Weird critiques are fairly common. I can think of 7 personal nutcase reviews that made *absolutely no fucking sense* or did the whole *you didn't measure the distance from the moon to the earth* impossible bullshit just to find 'fault' with the work.

Nutcases seem to forget that your paper isn't the end-all to the work in your field. They seem to focus on the things you didn't do rather than the things you did do sometimes.

Here's my advice - address the concerns of the 2 non-nutcase reviewers. Make the changes to your paper. Go all out - really focus on making those reviewers happy (because I'll bet the farm one of them will get the paper for re-review).

Then take a goddamn ax and rip holes in the nutcase reviewer's comments BUT FOR USE IN THE COVER LETTER/REPLY - don't change your paper to fit the loon unless there were good points. There are times when you need to hold your ground and do a better job with literature search or justification. 7 more experiments seems like a follow-up paper, and you can even address that issue in your cover letter/reply.

oh, and write everything you are thinking down now in response to the reviews. Keep it, don't send it. let it sit for a week. come back to it occasionally to add thoughts or clarify. but let the spew be. Usually my first draft of the reply is pretty vicious. After you get over being upset and have mustered a pretty good argument, open a new doc and let er rip. hopefully, the 2nd draft will be much more chiseled than slashed.

Alyssa said...

Ugh - that really sucks, I'm sorry! I agree with CE: put the review out of your head for a few days and then go back to it. Maybe there will be a way to do what he requests with less work than you're thinking.

Good luck!

Dr. Jekyll and Mrs. Hyde said...

Yeah, there's no denying that the functional experiment that all three reviewers want to see if going to strengthen the paper immeasurably--if we can manage to do it. I don't object to that recommendation, even though I'm nervous that we might not be able to pull off the technical challenge.

PiT, sounds just like this! That's about the best outcome I can hope for--I do think we can get Nutty Reviewer kicked off if/when we send in a de novo submission, because he was just that nutty. But as you say, who knows who will replace him?

CPP, I can't even express how much I adore my postdoc advisor's attitudes right now. I whined to him about the results and he said, basically, "Buck up, they didn't slam the door in your face so it's all good." Also gave some suggestions on the best way to approach the key experiment, and never a word about how this will impact my work in his lab.

We've already discussed explicitly that I am committed to finishing the paper we have in mid-gestation right now (perhaps half-way through the figures needed), regardless of precisely when I leave this lab for another position. I do my best to confine my catch-up work from Grad Lab to nights and weekends. So my postdoc work takes a hit, because otherwise I'd put in those weekends in my current lab, but I'm doing my damnedest to be fully present throughout the workweek otherwise.
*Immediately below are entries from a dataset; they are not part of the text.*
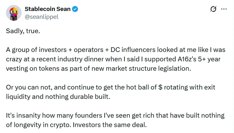 Sean Lippel表示:“在最近一次行业晚宴上,我提到支持A16z提出的新市场结构立法中关于代币5年以上归属期的建议时,周围的一些投资者和意见领袖都觉得我疯了。”他补充说:“我见过太多已经暴富却没有留下任何东西的加密创始人,这种现象实在令人震惊。”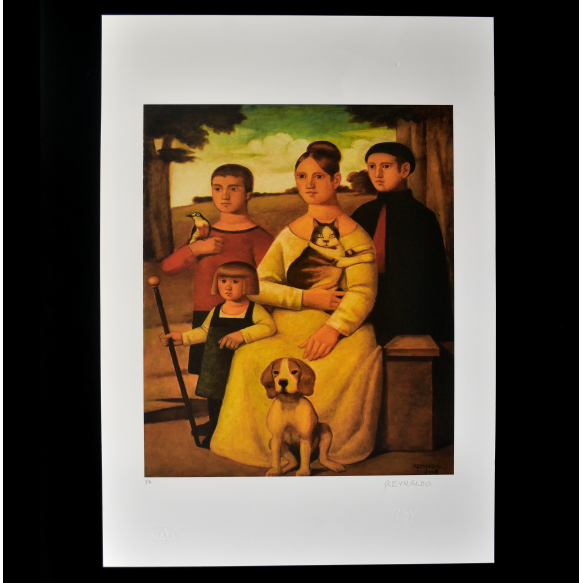 EspañolREYNALDO SERIGRAFIA P/A ASSINADA. MARCA D'ÁGUA: ARTE MAIOR GALERIA (RECIFE) RETRATO DE FAMÍLIA COM CÃO E GATO (A PARTIR DE OBRA DE 2008). MED: 47 X 66 CM.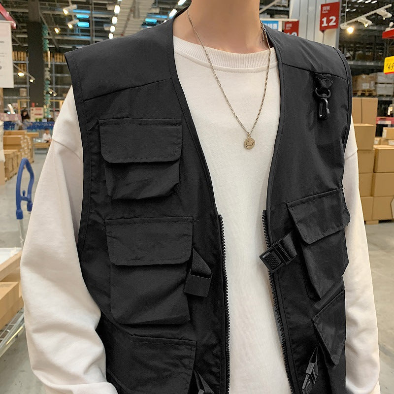 Menโs Hip-Hop Work Vest โ Korean Style Functional Sleeveless

The good news about the functional experiments is that we don't need a high N. If things were to go smoothly, the experiments themselves might take no more than 3-4 days. It's the pre-experiment troubleshooting that will be difficult.

I'm also lucky that my Grad Advisor recognizes the bind I'm in, and she's committed to devoting the lab resources (read: techs) to doing absolutely everything possible to troubleshoot the experiments ahead of time, so that my work time will be minimized. It's just that right now, we have no idea how hard the experiments will really be, so I'm anxious.